## TASK DIRECTIONS
Please restate word for word the lines of the entries below from the one with "The Atlantic puffin" to the one with "The Sunflyer’s thoughtful", inclusive, and leave out every picture.
[[ EXTRACTED ENTRIES open ]]
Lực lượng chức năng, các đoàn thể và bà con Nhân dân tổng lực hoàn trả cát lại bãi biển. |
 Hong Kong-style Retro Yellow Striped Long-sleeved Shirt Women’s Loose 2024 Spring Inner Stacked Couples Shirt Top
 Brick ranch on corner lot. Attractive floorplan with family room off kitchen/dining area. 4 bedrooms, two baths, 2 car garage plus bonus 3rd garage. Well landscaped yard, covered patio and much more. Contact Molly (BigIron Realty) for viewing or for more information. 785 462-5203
[[ EXTRACTED ENTRIES closed ]]
[[ EXTRACTED ENTRIES open ]]
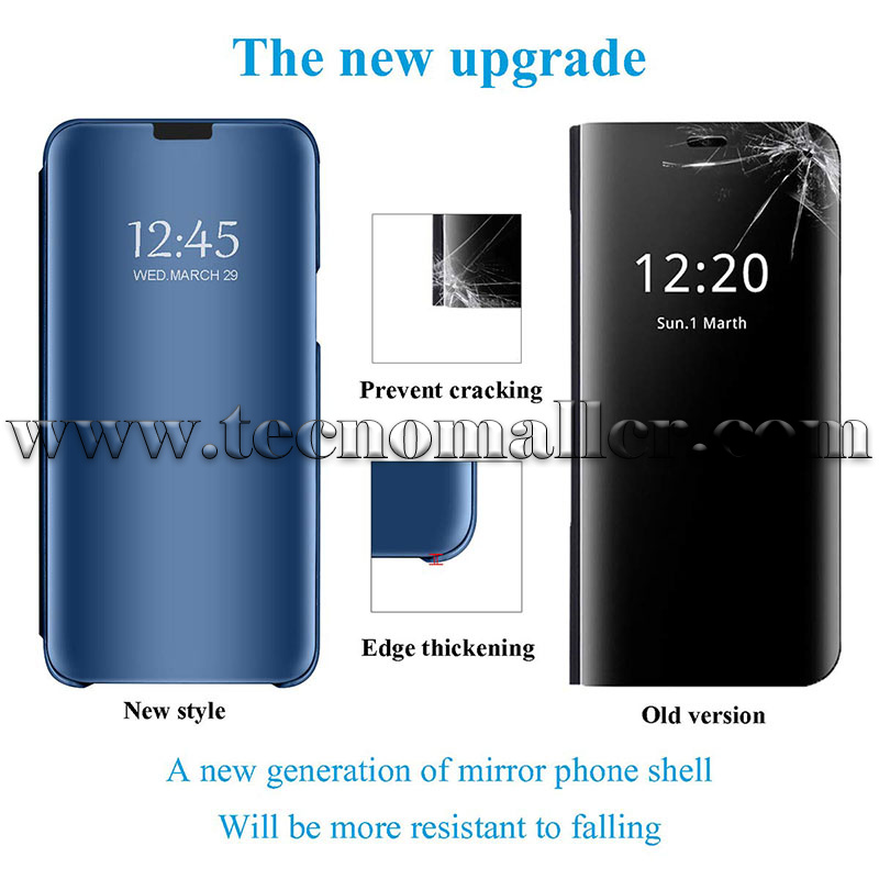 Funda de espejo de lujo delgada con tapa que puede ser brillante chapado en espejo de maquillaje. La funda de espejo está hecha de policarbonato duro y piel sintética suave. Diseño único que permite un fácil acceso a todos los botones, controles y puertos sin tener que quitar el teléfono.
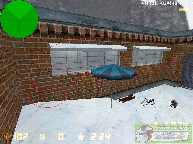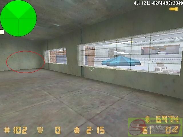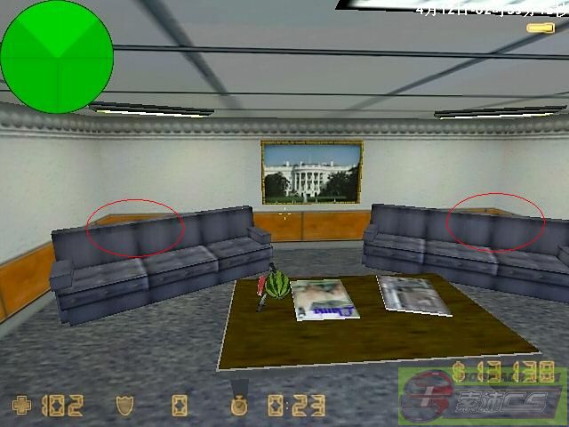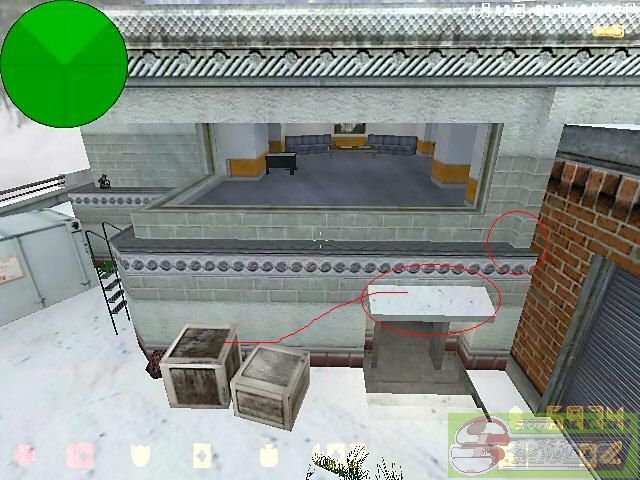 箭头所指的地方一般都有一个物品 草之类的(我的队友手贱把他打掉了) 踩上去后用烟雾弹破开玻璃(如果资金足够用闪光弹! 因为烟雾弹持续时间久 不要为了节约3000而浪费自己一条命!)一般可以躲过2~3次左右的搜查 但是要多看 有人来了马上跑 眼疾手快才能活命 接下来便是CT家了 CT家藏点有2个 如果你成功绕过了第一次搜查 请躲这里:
[[ EXTRACTED ENTRIES closed ]]
[[ EXTRACTED ENTRIES open ]]
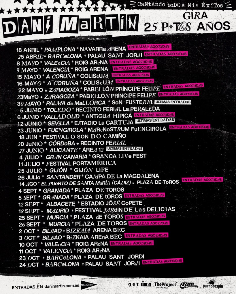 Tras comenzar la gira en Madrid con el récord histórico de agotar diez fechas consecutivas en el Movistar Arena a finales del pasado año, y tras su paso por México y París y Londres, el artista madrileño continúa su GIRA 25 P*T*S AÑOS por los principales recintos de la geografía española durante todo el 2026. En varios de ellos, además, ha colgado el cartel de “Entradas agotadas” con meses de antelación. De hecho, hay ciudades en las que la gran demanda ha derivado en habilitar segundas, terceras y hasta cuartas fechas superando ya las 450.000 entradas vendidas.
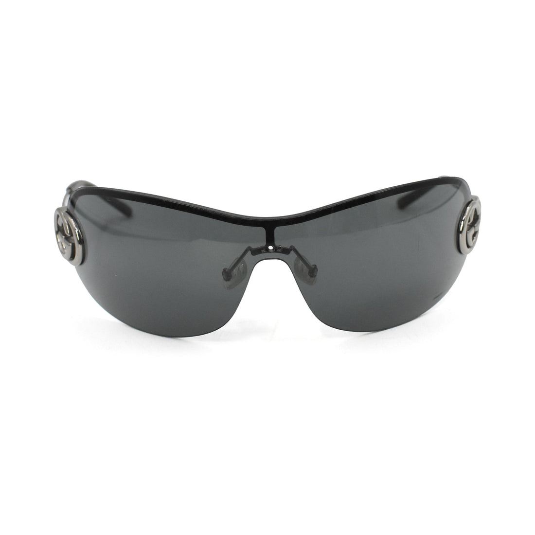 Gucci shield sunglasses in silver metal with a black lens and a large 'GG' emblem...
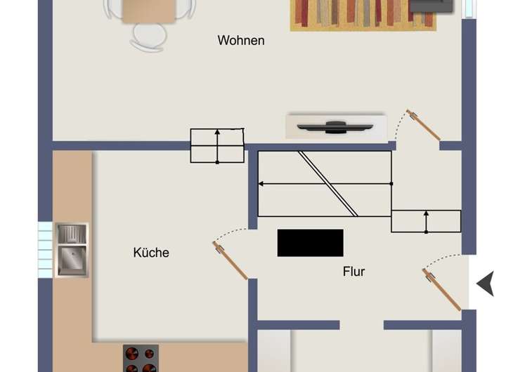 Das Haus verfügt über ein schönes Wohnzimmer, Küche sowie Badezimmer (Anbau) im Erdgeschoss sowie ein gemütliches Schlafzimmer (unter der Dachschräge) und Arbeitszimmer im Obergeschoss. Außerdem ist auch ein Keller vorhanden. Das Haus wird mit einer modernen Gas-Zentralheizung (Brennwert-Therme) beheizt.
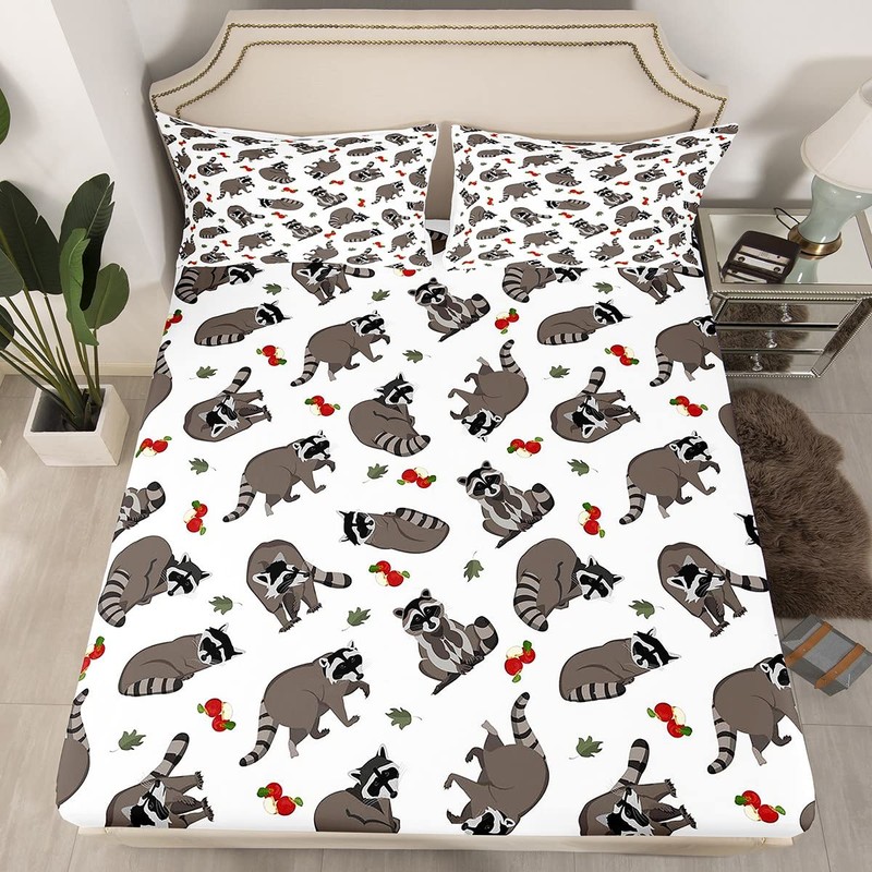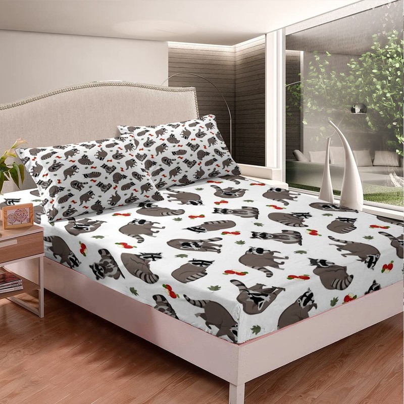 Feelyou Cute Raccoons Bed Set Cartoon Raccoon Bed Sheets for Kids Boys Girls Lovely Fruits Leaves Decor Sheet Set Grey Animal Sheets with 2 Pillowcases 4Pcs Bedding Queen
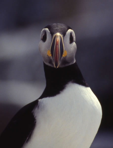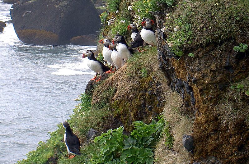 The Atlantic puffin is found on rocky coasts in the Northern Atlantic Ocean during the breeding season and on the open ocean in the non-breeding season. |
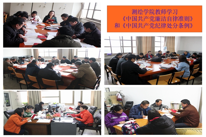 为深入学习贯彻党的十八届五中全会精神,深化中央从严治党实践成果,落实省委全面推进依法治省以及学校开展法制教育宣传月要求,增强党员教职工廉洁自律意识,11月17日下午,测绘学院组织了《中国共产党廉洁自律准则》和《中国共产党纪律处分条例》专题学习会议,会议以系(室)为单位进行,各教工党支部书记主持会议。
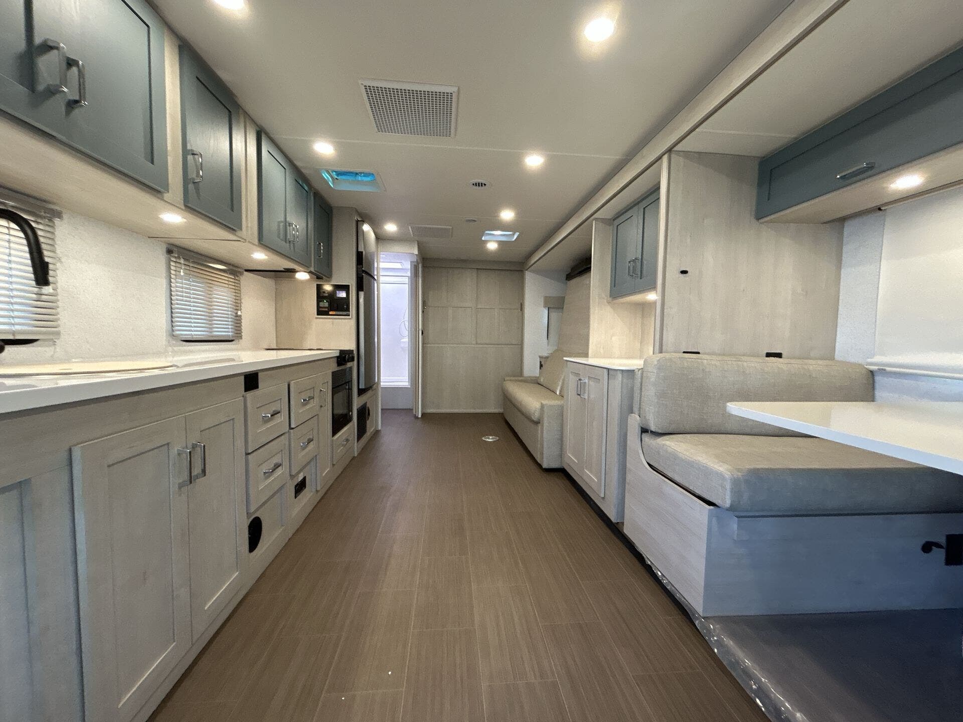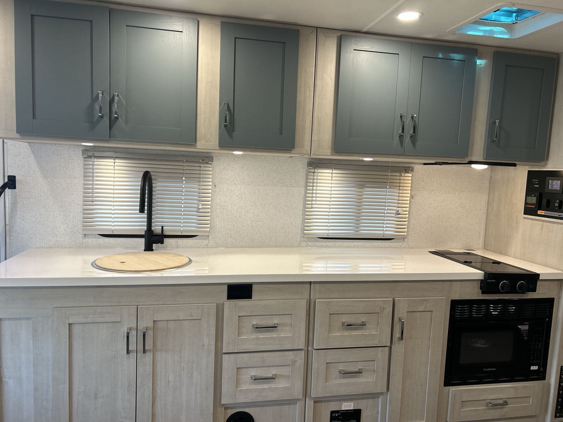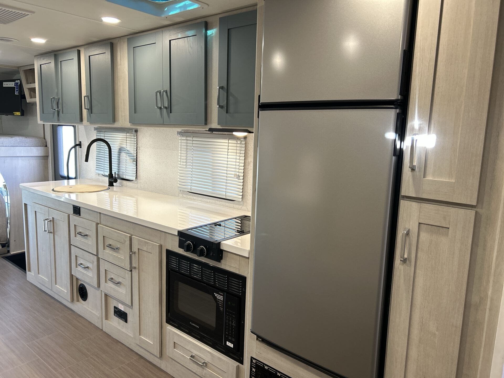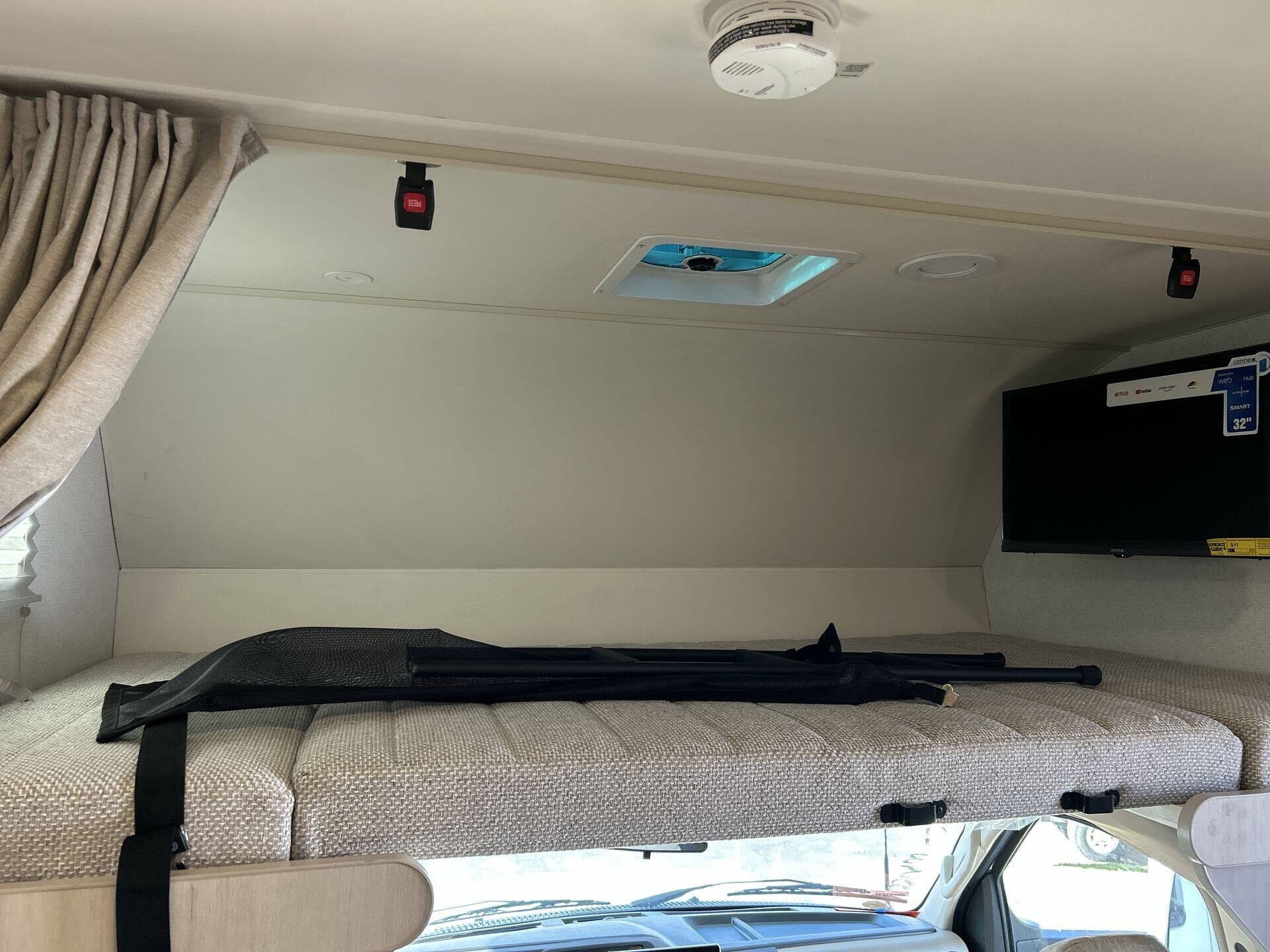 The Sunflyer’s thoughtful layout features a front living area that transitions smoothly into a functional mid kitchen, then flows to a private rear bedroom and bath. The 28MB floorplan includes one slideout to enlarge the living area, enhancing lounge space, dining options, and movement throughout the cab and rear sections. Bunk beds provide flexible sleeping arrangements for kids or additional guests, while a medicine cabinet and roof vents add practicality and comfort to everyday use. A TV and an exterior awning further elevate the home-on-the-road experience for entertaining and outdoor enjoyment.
[[ EXTRACTED ENTRIES closed ]]
## TASK RESULT
 The Atlantic puffin is found on rocky coasts in the Northern Atlantic Ocean during the breeding season and on the open ocean in the non-breeding season. |
 为深入学习贯彻党的十八届五中全会精神,深化中央从严治党实践成果,落实省委全面推进依法治省以及学校开展法制教育宣传月要求,增强党员教职工廉洁自律意识,11月17日下午,测绘学院组织了《中国共产党廉洁自律准则》和《中国共产党纪律处分条例》专题学习会议,会议以系(室)为单位进行,各教工党支部书记主持会议。
 The Sunflyer’s thoughtful layout features a front living area that transitions smoothly into a functional mid kitchen, then flows to a private rear bedroom and bath. The 28MB floorplan includes one slideout to enlarge the living area, enhancing lounge space, dining options, and movement throughout the cab and rear sections. Bunk beds provide flexible sleeping arrangements for kids or additional guests, while a medicine cabinet and roof vents add practicality and comfort to everyday use. A TV and an exterior awning further elevate the home-on-the-road experience for entertaining and outdoor enjoyment.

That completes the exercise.